Do you ever get stumped when you are trying to put an outfit together and it doesn’t quite work? Everyone has been in the situation at some point with successes and fails.
After reading this article, you won’t have to worry about using the strategy of color and how to assemble the main clothing pieces and accessories, thanks to this smart article written by contributor, Naomi Shaw!
How to Choose The Color of Your Clothes!
by Naomi Shaw, Contributing Writer
All photos related to the topic are courtesy of Shutterstock.com
Everyone strives to look their best when they step outside for the day, but putting together outfits is as much of a science as it is an art. Outfit construction is one area where all the money in the world cannot guarantee a cohesive or visually interesting outfit. The only way to piece together a successful outfit is to understand the general rules of color coordination. Different dyes and pigments can create an endless array of colors that must be balanced against your skin tone, hair color, and more. Each part of an outfit must complement the rest while working in tandem with your natural coloring. By following some simple rules and understanding how different colors relate to each other, anyone can choose the best colors to create a fantastic outfit.
Using the right colors and combining them perfectly into a cohesive outfit can be a challenge, but some basic principles of color theory can make the process easier. Color theory and the guiding rules of the color wheel apply to almost everything that deals with color, and outfit construction is no exception. The color wheel is the basis for color theory and learning to choose the perfect outfit starts with understanding how different colors interact.
The concept of the color wheel was invented by Sir Isaac Newton in the 18th century, but the initial format has been refined over the years. The color wheel progresses through the most common colors creating a full-circle gradient. The color wheel contains primary, secondary, and tertiary colors. The primary colors (yellow, red, and blue) act as three equidistant pillars that are mixed together to create all other colors and no two colors can be mixed to create a primary color. Secondary colors are combinations of primary colors, for example, adding red to blue creates purple and mixing blue with yellow produces green. Tertiary colors like aqua or mint are made from mixing primary and secondary colors to create different shades.
All the colors on the color wheel have a relationship; some colors complement each other while others are analogous or triadic. Complementary colors sit opposite each other on the color wheel, such as red and green or yellow and purple. While combing complementary colors in an outfit might seem bold, it can create visually interesting and cohesive outfits. Split complementary colors are colors adjacent to a complementary color; Purple’s complementary color is yellow, which makes orange and green purple’s split complementary colors. Using split complementary colors creates a look that is less extreme than complementary colors, but still utilizes contrast. Analogous colors are very similar and often consist of two or three shades from the same area of the color wheel. To create an outfit that highlights analogous colors, start by choosing one color and selecting a shade on either side of the color on the color wheel to work with the base color. Triadic colors are equidistant from each other on the color wheel. Triadic colors can look good when integrated into an outfit, but it will often result in a visually loud look.

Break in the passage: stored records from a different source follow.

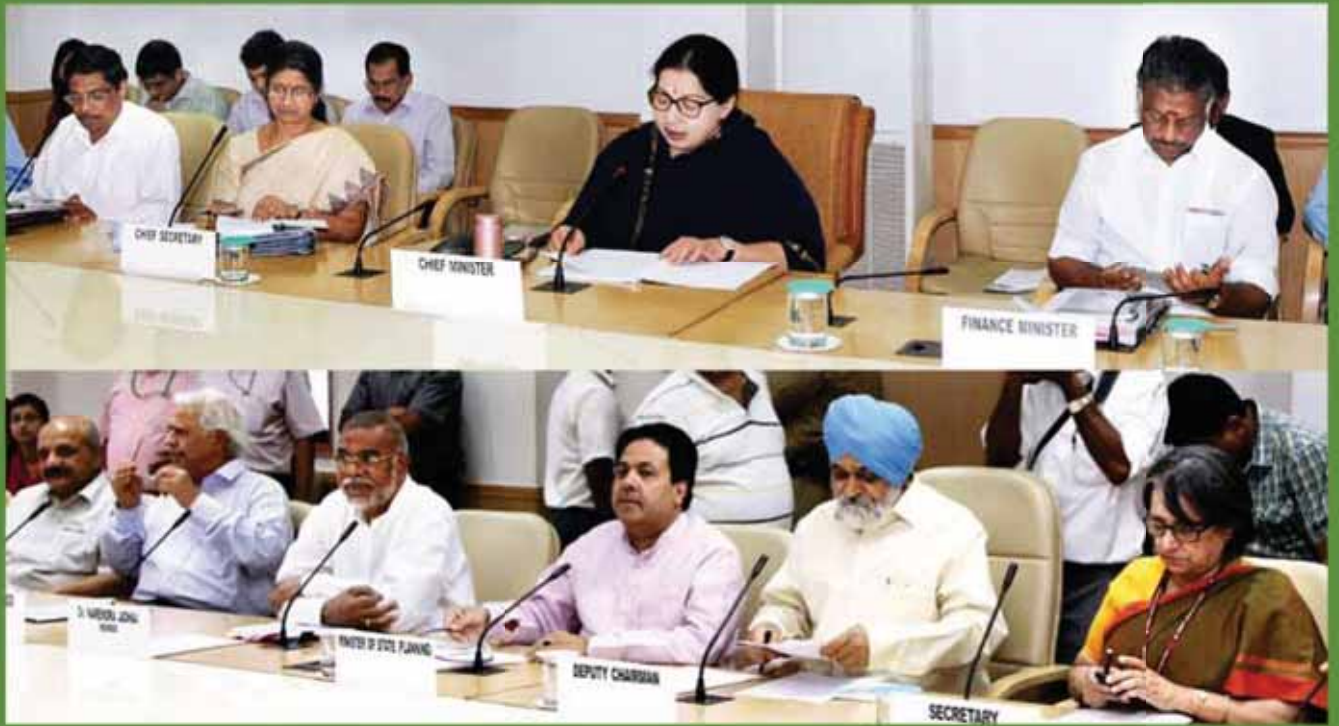
Speech delivered by Selvi J Jayalalithaa , Hon'ble Chief Minister of Tamil Nadu during the finalisation of Annual Plan for Tamil Nadu for the year 2013-2014 with the Deputy Chairman, Union Planning Commission on 10.6.2013 at New Delhi.

Hon'ble Deputy Chairman of the Union Planning Commission, Shri Montek Singh Ahluwalia,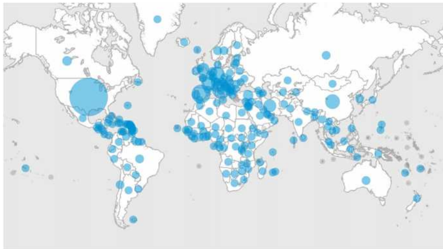
Figure 2: Current distribution of COVID-19 in different countries (WHO, 2020)

Moreover, 215 countries/regions have reported confirmed COVID-19 cases, including China, Italy, Iran, S. Korea, India, Switzerland, Taiwan, USA, Sweden, Singapore, Sri Lanka, France, Australia, Malaysia, Spain, United Arab Emirates, UK, Nepal, Finland, Netherlands, Japan, Belgium, Russia, Thailand, Philippines, Cambodia, Germany and so on (Figure 2).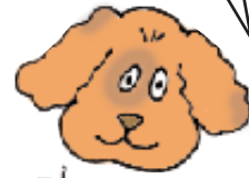
כלב = dog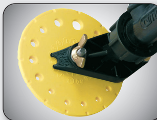
Rotating calibration discs - easy to adjust & regulate chemical application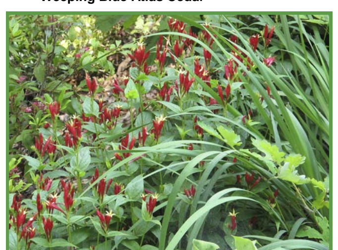
Spigelia marilandica (Indian pink)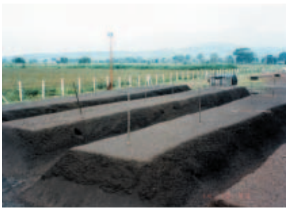
Figure 2. Compost piles at Ciudad Guzmán Forest Nursery, Jalisco México.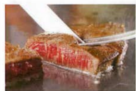
Kobe Beef Steak (sample)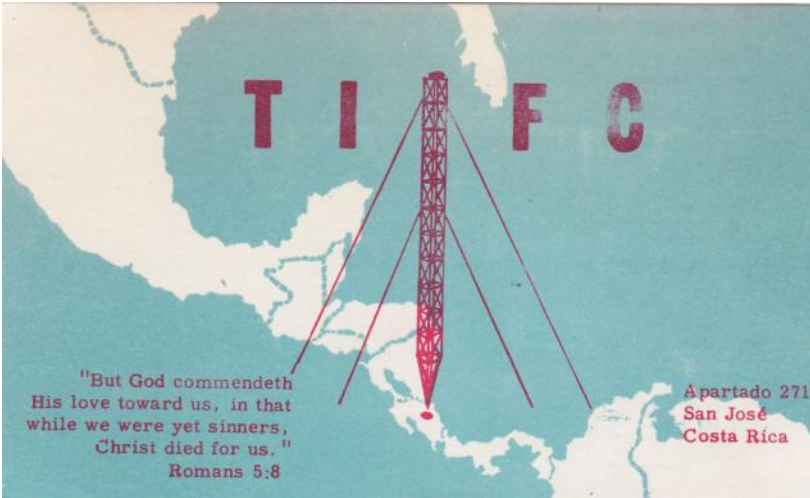
Faro del Caribe 6037 kHz from 1958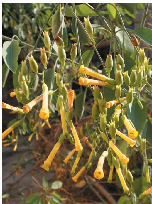
Fig. 1. Nicotiana glauca Graham, Komiža, May 2002

Nicotiana glauca , tree tobacco (Fig. 1), is an evergreen perennial, glabrous soft-wooded shrub or small tree, up to 6 m tall, with stems that are laxly branched. The leaves are stalked, alternate, elliptical to lanceolate or oval, pointed, bluish or greyish-green. The flowers are greenish-yellow, 30–40 mm long, many are borne in a lax panicle. The corolla is tubular with a short-lobed limb. The fruit is an egg-shaped, two-valved capsule, 7–10 mm long and slightly longer than the persistent papery calyx. It produces a large quantity of tiny seeds, which can be dispersed by wind and water. All plant parts are extremely poisonous (GOODSPEED 1954, MOORE 1972, BLAMEY and GREY-WILSON 1998).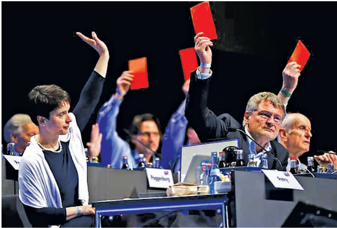
Frauke Petry (L), chairwoman of the anti-immigration party Alternative for Germany (AfD) votes during the second day of the AfD congress in Stuttgart, Germany, on 1 May.

STUTTGART, (Germany) — Members of the anti-immigration party Alternative for Germany (AfD) on Sunday backed an election manifesto that says Islam is not compatible with the constitution and calls for a ban on minarets and the burqa.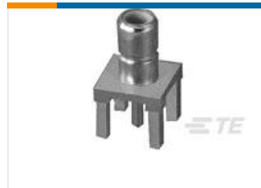
TE Part #413990-1 STR JACK, SMB, PCB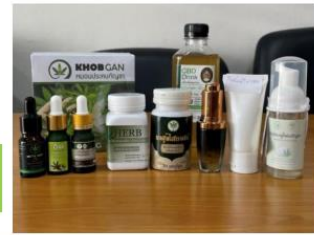
Suan Sunandha Cannabis products

Relaxation and skin care Reduce pain and sleep well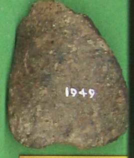
1949 BRONZE POT LEG. BRAKE'S CLOSE 910. D. RH. 1949. 98838778. 30-1-06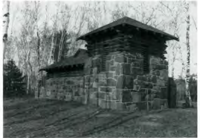
This water tower is listed in the National Register as part of the Jay Cooke State Park CCC/WPA Rustic Style Picnic Grounds multiple property nomination.

The long-term benefits of the county survey are too numerous to count. The base-line inventory that was developed continues to be used daily by staff, as well as by state and federal agencies, local governments, and independent researchers. It shaped the system of historic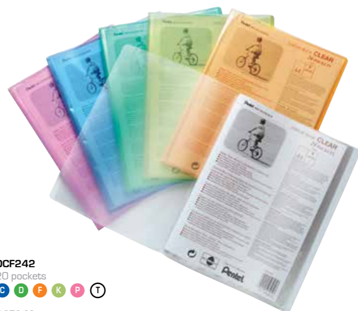
DCF242 20 pockets C D F K P T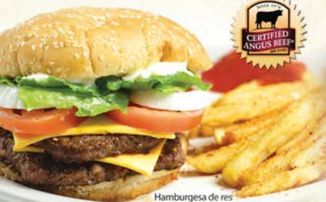
Hamburgesa de res

Grilled beef burger served on an American bun with lettuce, cheese, tomato, onion, mayo and a side of fries.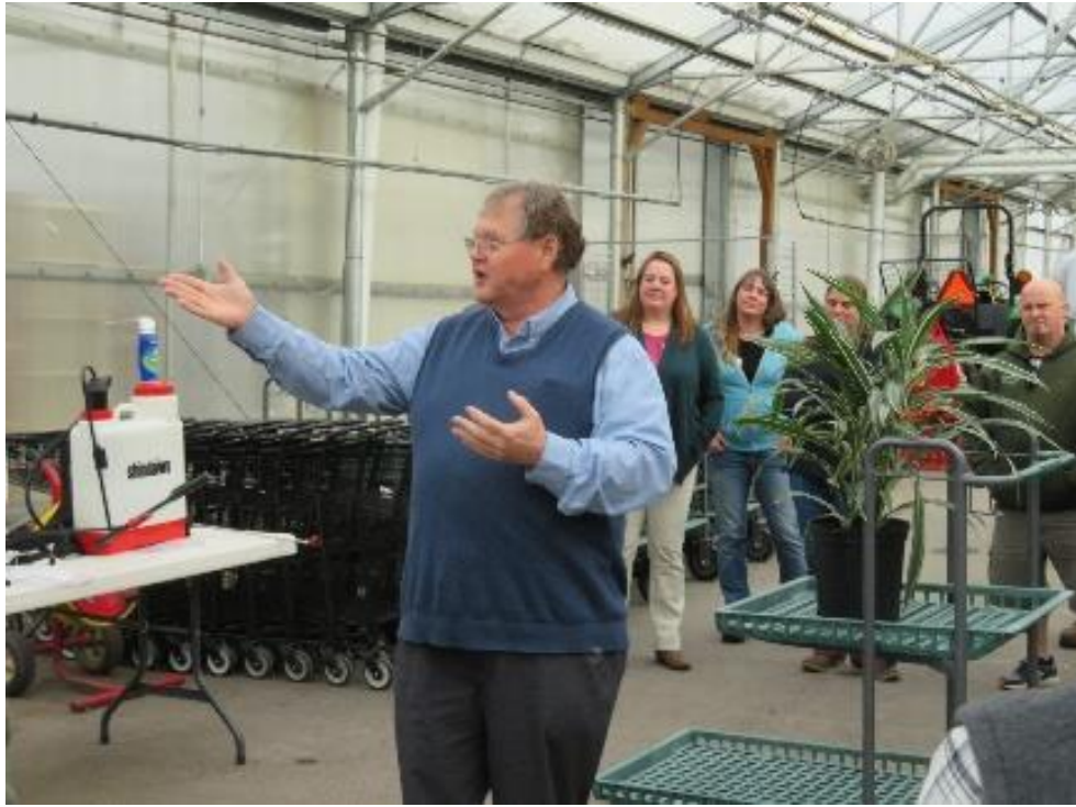
Figure 4: Discussing greenhouse sprayer calibration with growers in Maine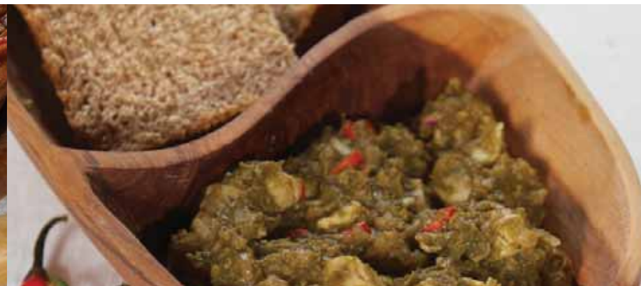
~ MOUKO SHIW ~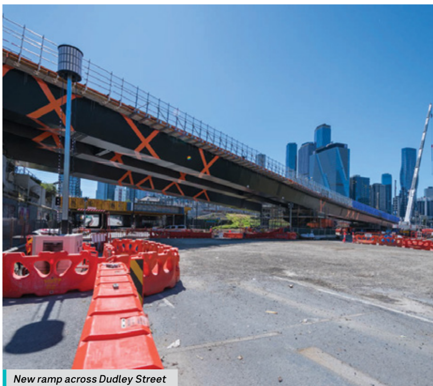
New ramp across Dudley Street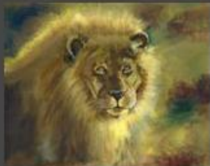
Strength , age 7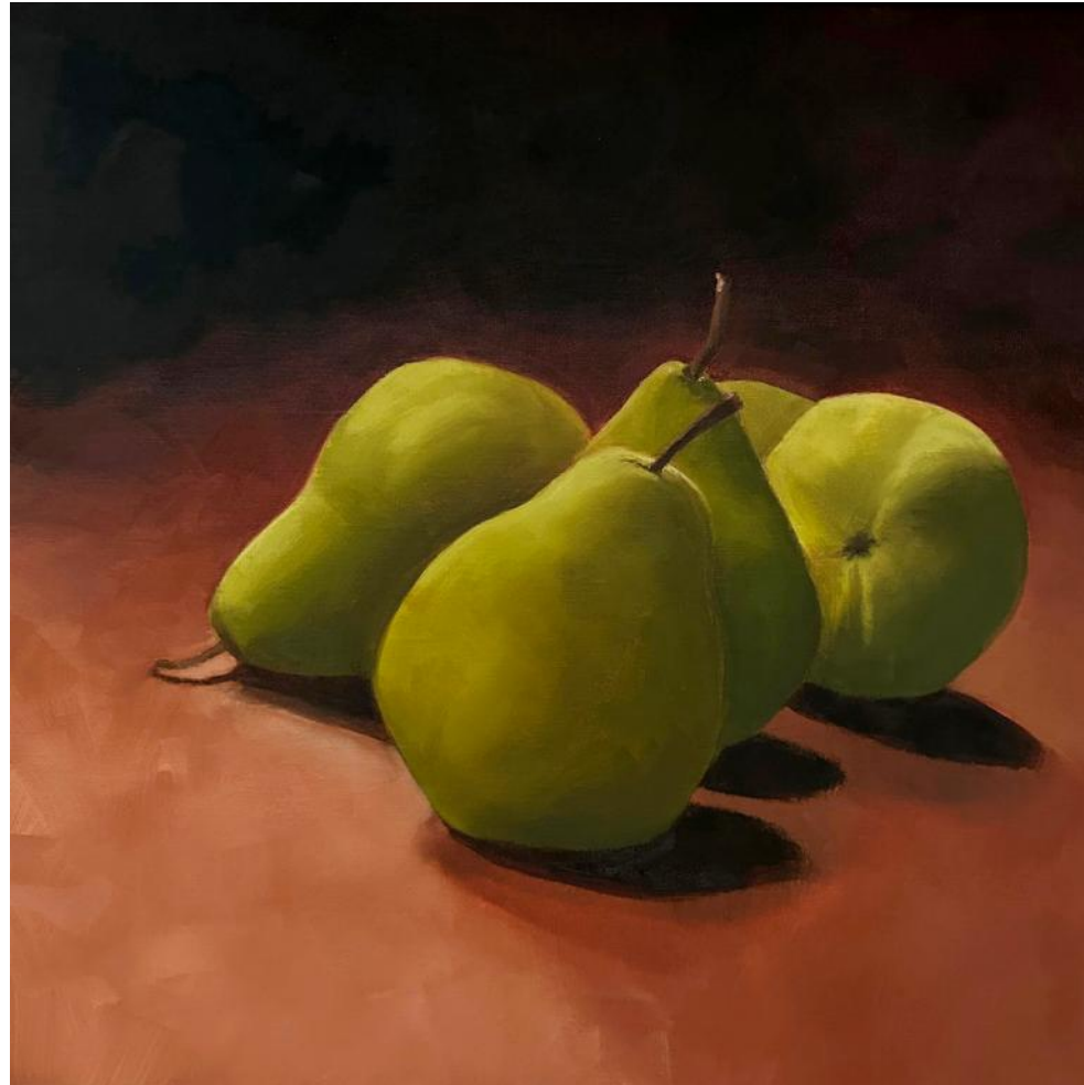
'Packham Pears' oil on linen 40x40cm framed $1,290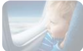
Aircraft & Aerospace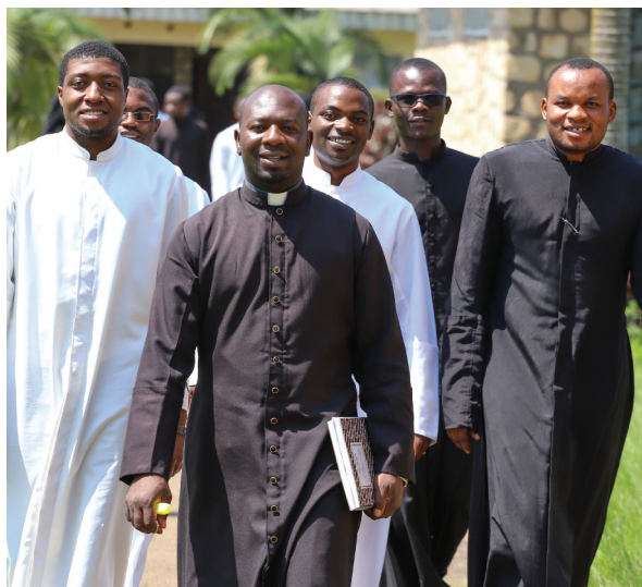
These brave young men are preparing to serve their communities

In our broken world, we need brave young men to take up the call of Christ. And by supporting them through prayers and donations, you will have a real impact on the communities they will serve.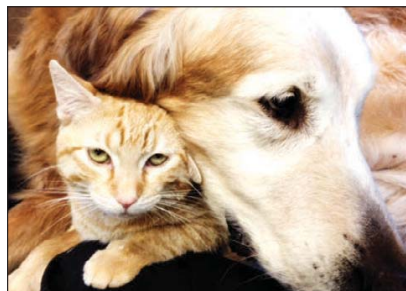
Dan Walker, a cat rescued from the streets of Tijuana and Pilot, a golden retriever rest from their duties at skilled nursing centers as part of Helen Woodward Animal Center's Pet Encounter Therapy program.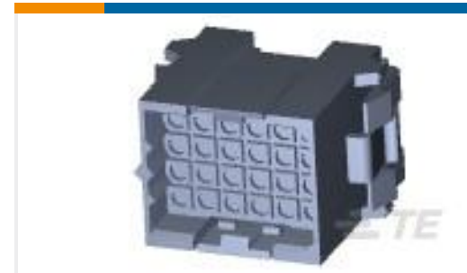
TE Part #207305-1 24 POS SQ GRID METRIMATE-RCPT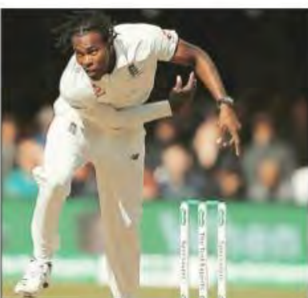
An elbow injury kept Jofra Archer out of the second and third Tests. File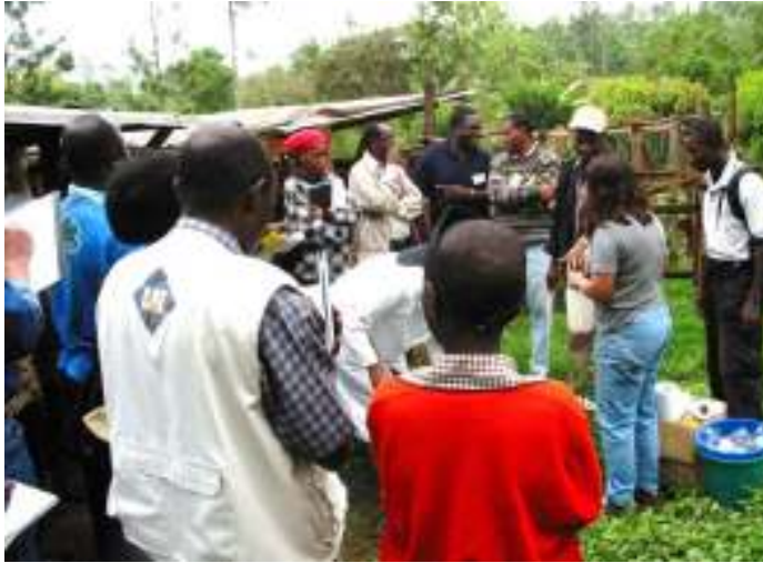
Figure 14. The need for training of trainers, in the form of medium level forest extension personnel is enormous in Africa today.

The major staff problem for the forest sector today, however, is not at the academic level but at the field technical level. The very poor and deteriorating situation in training of people at Technician, Certificate and Diploma levels was pointed out already a decade ago by ANAFE (Temu 2006; Temu et al. 2006). For a variety of reasons, Forest Schools ceased to exist or experienced increasing problems in attracting students and resources. This has created a situation today of very serious shortages of staff at middle management and field operation levels, i.e. staff responsible for forest management operations (logging, planting, silviculture, transport, etc.), nurseries, small-scale forest industries, extension services, day-to day supervision and protection of forest resources, law enforcement in the field, etc. For most African countries with an ambition to make forests and trees outside forests contribute to economic development and food security, this is by far the most urgent problem to address. Again, regional training centres are an interesting option. It is also essential to make the training more attractive to students, e.g. by introducing components in curricula focussing on entrepreneurial and business skills to make graduates from Forestry Schools more attractive to the private sector and more able to take up forest-related business themselves, rather than focussing solely, as has been the case to date, on creating junior and middle level civil servants.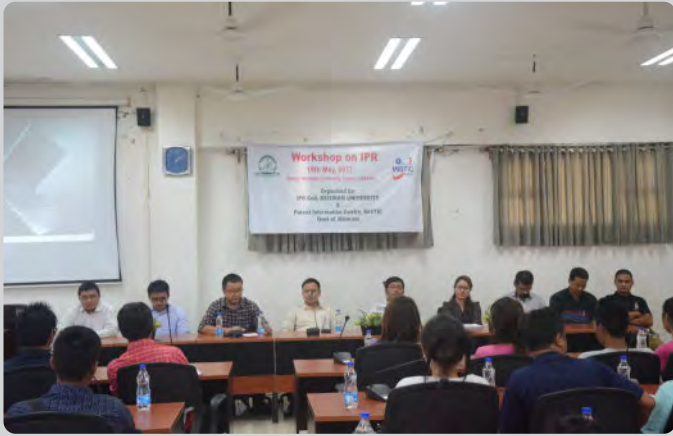
Workshop on Intellectual Property Right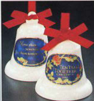
10 Years Together

Working With Your Natural Colors
When putting together an outfit, there are a few colors you cannot change. You generally can’t change your skin tone, eye color, or hair color in the time it takes to get dressed. So, when building an outfit consider how your clothes will interact with your natural coloring. If you have a pale complexion or yellow-toned skin, cooler colors like grey, blue, and green will complement your features. Deeper skin tones work well with warm colors such as gold, brown, coral, and amber. Finding a balance between warm and cool colors is important for clothing as well as makeup. Jill Kirsh is a leading color theorist who found that coordinating makeup and clothing colors to hair color works to give your skin and your outfit a polish because the color palette you are wearing is exceptionally flattering. Jill uses color theory to achieve balanced looks. In doing this, your outfit always works for you and your makeup is the complement that connects the dots.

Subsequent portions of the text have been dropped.